=== Section Start ===

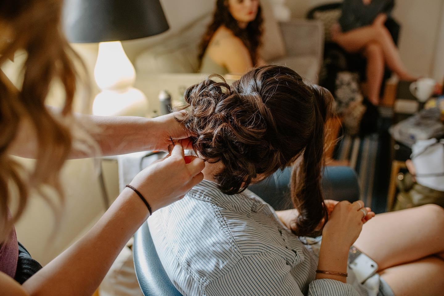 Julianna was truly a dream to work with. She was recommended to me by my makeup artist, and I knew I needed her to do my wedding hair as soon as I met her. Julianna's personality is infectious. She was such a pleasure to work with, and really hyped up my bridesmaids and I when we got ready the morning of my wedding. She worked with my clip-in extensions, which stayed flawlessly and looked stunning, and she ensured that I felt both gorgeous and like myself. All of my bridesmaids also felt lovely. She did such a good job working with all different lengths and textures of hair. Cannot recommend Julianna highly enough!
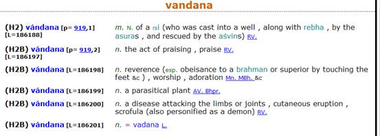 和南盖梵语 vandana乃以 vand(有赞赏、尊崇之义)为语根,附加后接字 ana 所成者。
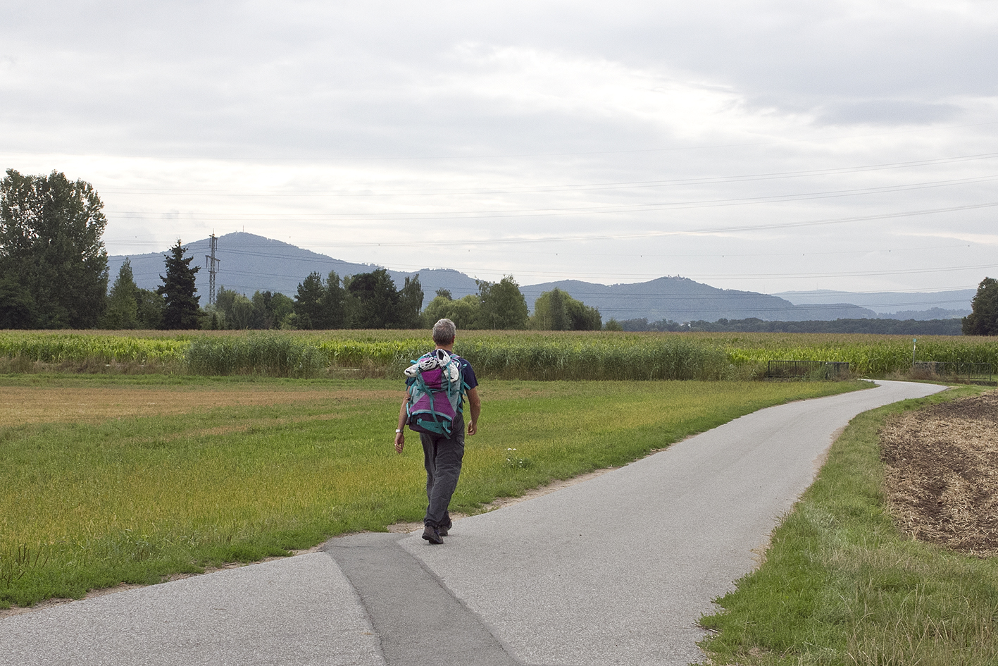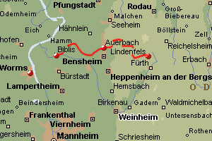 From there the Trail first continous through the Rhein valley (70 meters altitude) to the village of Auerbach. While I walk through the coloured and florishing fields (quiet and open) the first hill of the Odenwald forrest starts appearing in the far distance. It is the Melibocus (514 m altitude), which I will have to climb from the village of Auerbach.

=== Section End ===
=== Section Start ===

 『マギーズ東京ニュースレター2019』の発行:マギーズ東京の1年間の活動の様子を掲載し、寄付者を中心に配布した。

=== Section End ===
=== Section Start ===

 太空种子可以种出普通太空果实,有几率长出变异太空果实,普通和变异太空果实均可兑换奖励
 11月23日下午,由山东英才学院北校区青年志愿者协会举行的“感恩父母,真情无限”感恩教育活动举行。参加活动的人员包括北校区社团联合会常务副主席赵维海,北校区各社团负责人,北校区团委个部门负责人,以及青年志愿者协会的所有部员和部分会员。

=== Section End ===

> _Aim of the exercise_: Retype, exactly and with no pictures, everything above from the line with "Julianna was truly" down to the line with "From there the", both included.

> _Solution for this problem_:
 Julianna was truly a dream to work with. She was recommended to me by my makeup artist, and I knew I needed her to do my wedding hair as soon as I met her. Julianna's personality is infectious. She was such a pleasure to work with, and really hyped up my bridesmaids and I when we got ready the morning of my wedding. She worked with my clip-in extensions, which stayed flawlessly and looked stunning, and she ensured that I felt both gorgeous and like myself. All of my bridesmaids also felt lovely. She did such a good job working with all different lengths and textures of hair. Cannot recommend Julianna highly enough!
 和南盖梵语 vandana乃以 vand(有赞赏、尊崇之义)为语根,附加后接字 ana 所成者。
 From there the Trail first continous through the Rhein valley (70 meters altitude) to the village of Auerbach. While I walk through the coloured and florishing fields (quiet and open) the first hill of the Odenwald forrest starts appearing in the far distance. It is the Melibocus (514 m altitude), which I will have to climb from the village of Auerbach.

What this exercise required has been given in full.